Il faut reconnaître une chose à
Jean-Paul Dubois : le talent de finir ses livres. Je viens d’en lire deux
coup sur coup, prêtés – à ma demande – par mon amie Carole. Une Vie
Française, un roman ( ?) auquel l’usage du « je » donne un
fumet autobiographique peut-être usurpé, puis Éloge du gaucher, un
essai.
Une Vie Française obéit strictement à un principe : la vie
du narrateur – irrémédiablement toulousaine – marche du même pas que les
élections présidentielles de la seconde moitié, puis des débuts des XXe
et XXIe siècles. Depuis l’événement fondateur de la mort de son
frère le jour de l’élection de de Gaulle en décembre 58 jusqu’au deuxième
mandat de Chirac, ça a un petit côté Forrest Gump à la française. Ou Tours
et détours de la vilaine fille, ce roman de Vargas Llosa entrepris sur un
air allègre de mambo, et qui entraîne le lecteur sur les traces des diverses
révolutions de gauche à travers le monde à la suite de cette « vilaine
fille » allégorique et increvable dont on finit par rêver qu’elle y reste,
une bonne fois, tant le système devient lassant et les personnages antipathiques.
Chez J. P. D., dans les deux que je viens de lire, même sentiment de
déception : à chaque fois, un début séduisant, puis le sentiment de
sombrer dans un bavardage mondain. Indéniablement bien écrit, mais creux. À
cause, sans doute, d’une certaine fatuité légère, lasse, agacée, d’une tendance
au persiflage, aussi.
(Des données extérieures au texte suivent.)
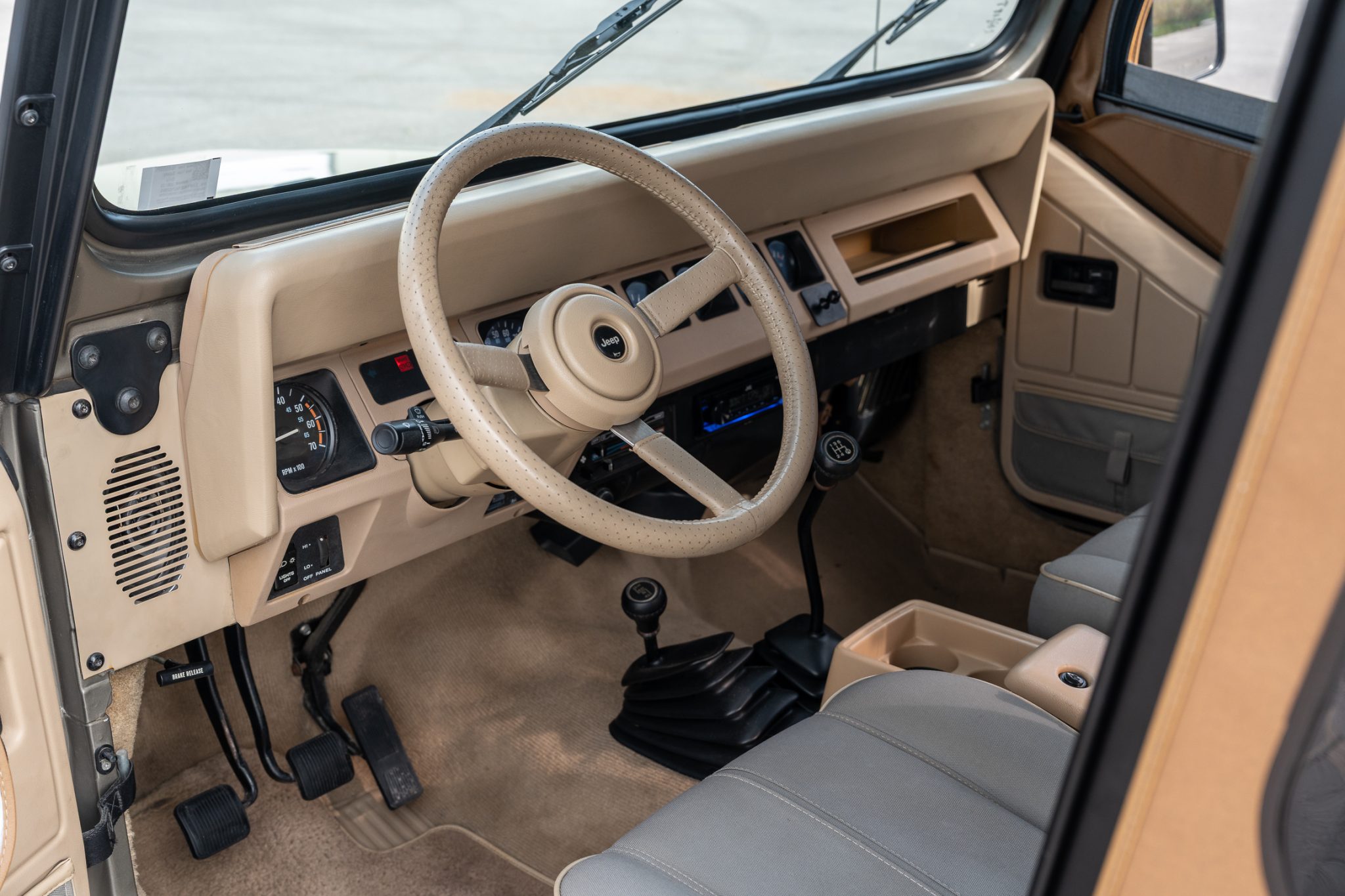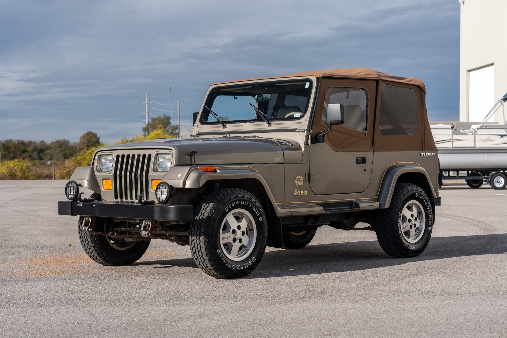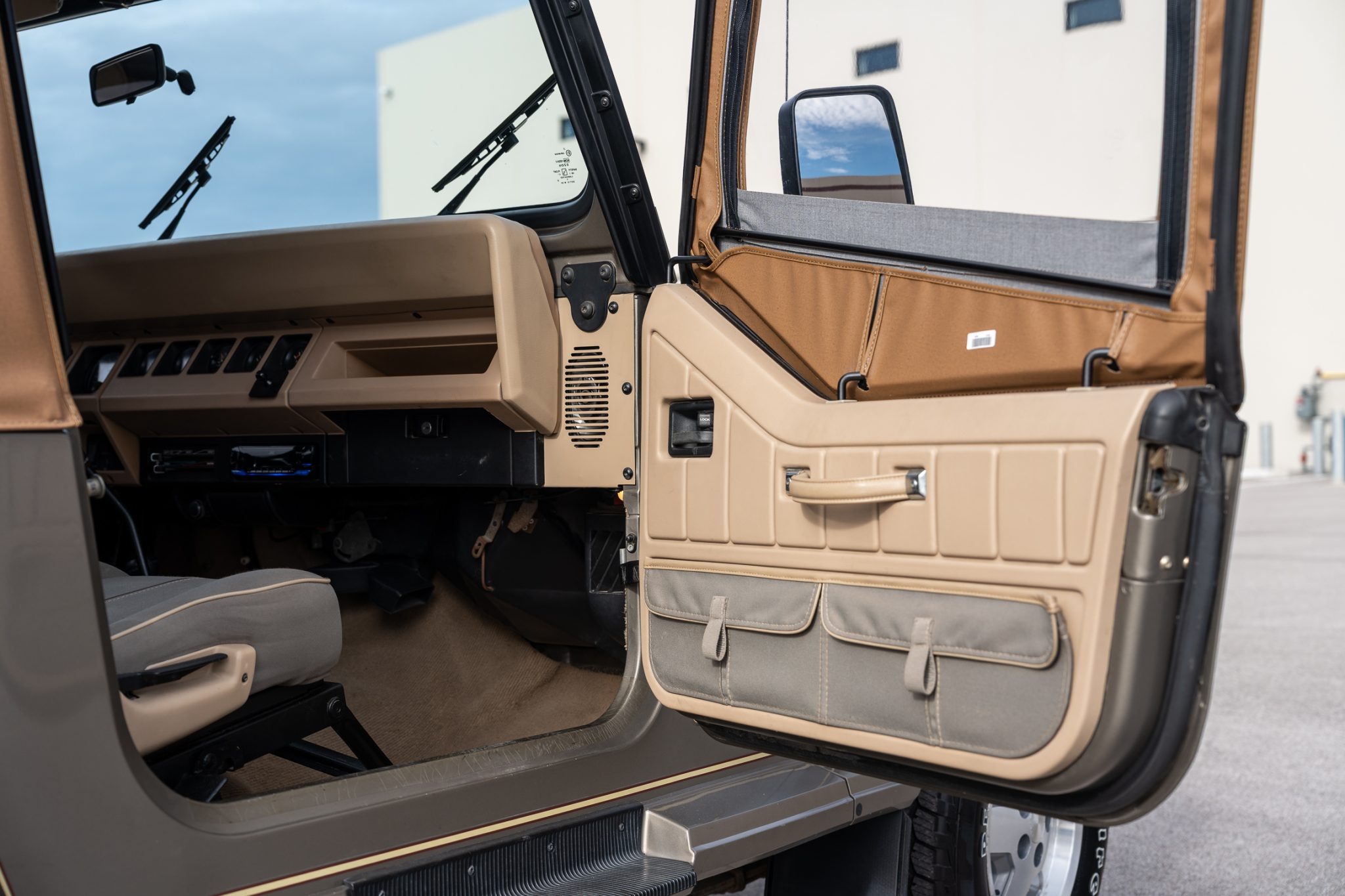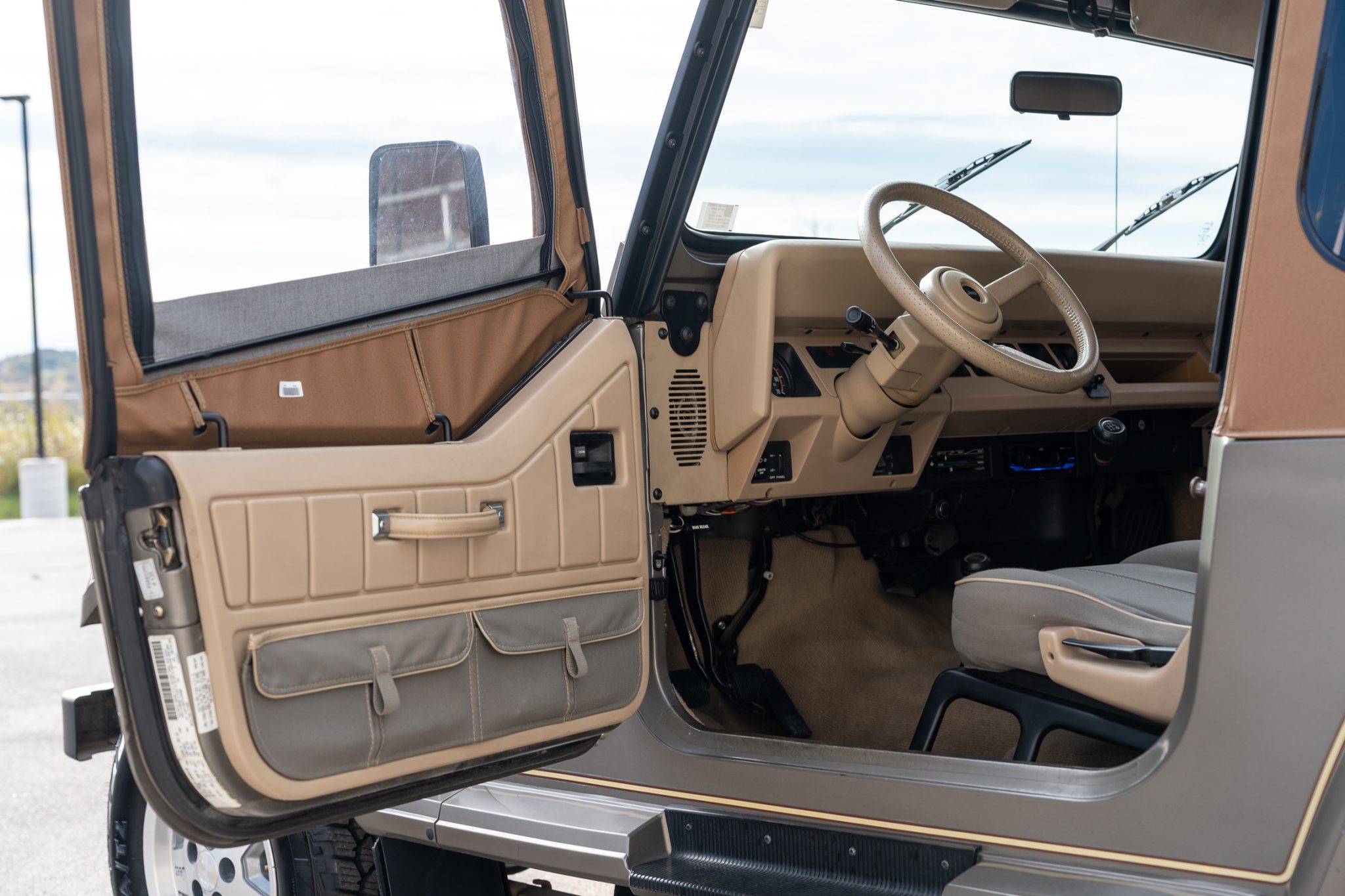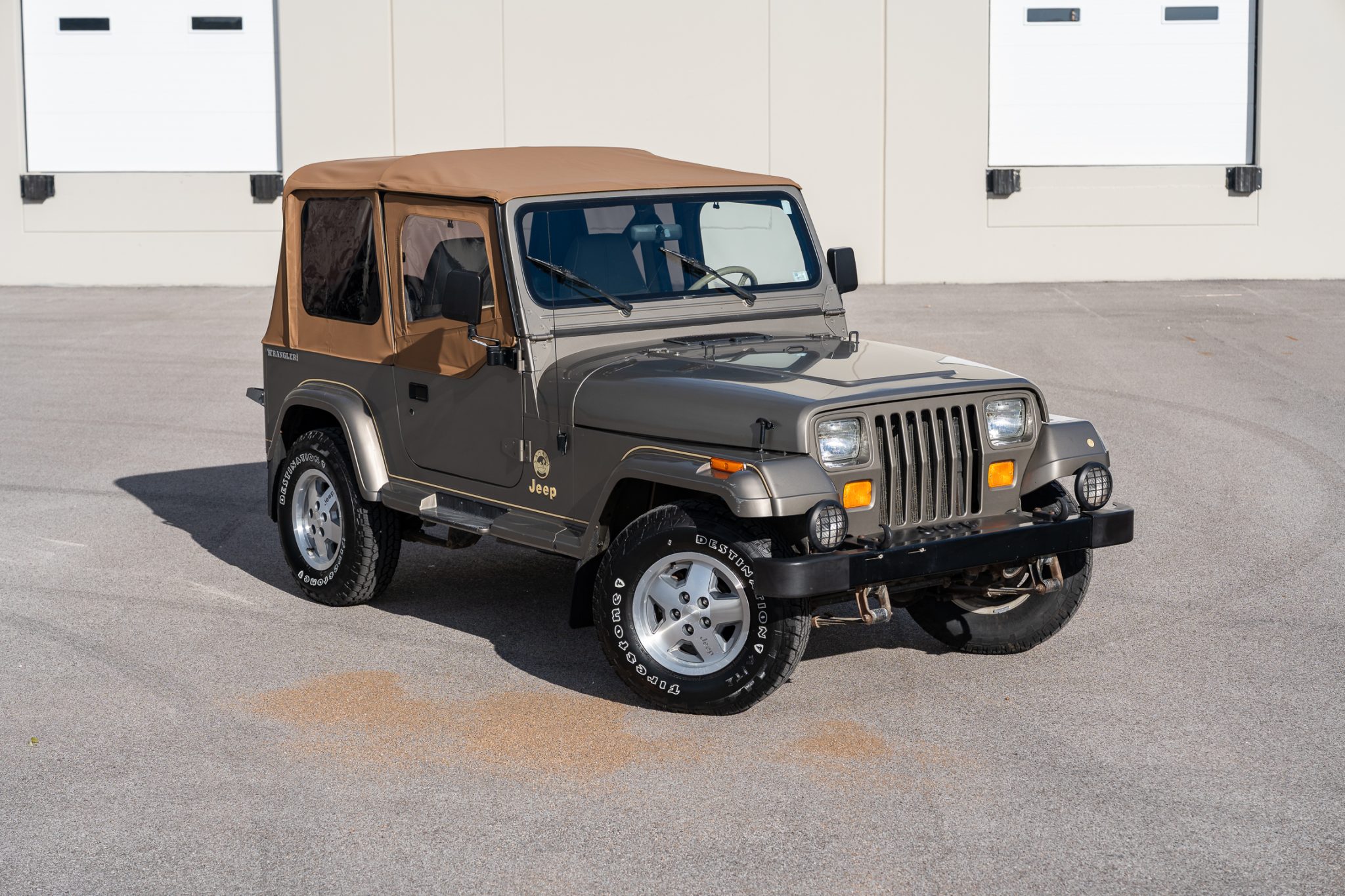 The truck is finished in Khaki Metallic over green cloth and is powered by a 4.0-liter inline-six linked with a five-speed manual transmission and a dual-range transfer case. Equipment includes a Bestop soft top, 15″ five-spoke alloy wheels, power steering, Sahara fender graphics, fog lights, a receiver hitch, rear bumperettes, a roll bar, a folding rear bench, and a JVC sound system.

Et quand l’agacement est enfin partagé par le lecteur –
enfin, la lectrice, moi précisément, car ces ouvrages ont été salués par le
public, et Une Vie Française a reçu le Prix Fémina, (à quoi
pensaient-elles, les femmes, de couronner de leur prix un ouvrage si
intensément masculin ?) – quand l’agacement donc m’a saisie, je me suis
laissée regagner à la fin : le père déserté par sa famille et par la vie même
d’Une Vie française contemplant le dernier paysage de son grand-père
paternel berger, sur une crête des Pyrénées, un fil du rasoir du monde, avec sa
fille enfermée dans le silence, ou l’histoire du gaucher (El Zurdo) meurtrier
et silencieux, contée par un minuscule Espagnol fin de race sur un balcon
nocturne face aux lumières gauches et droites, anglaises et espagnoles, de
Gibraltar. Des fins au bord du monde, toutes les deux, quand on y pense.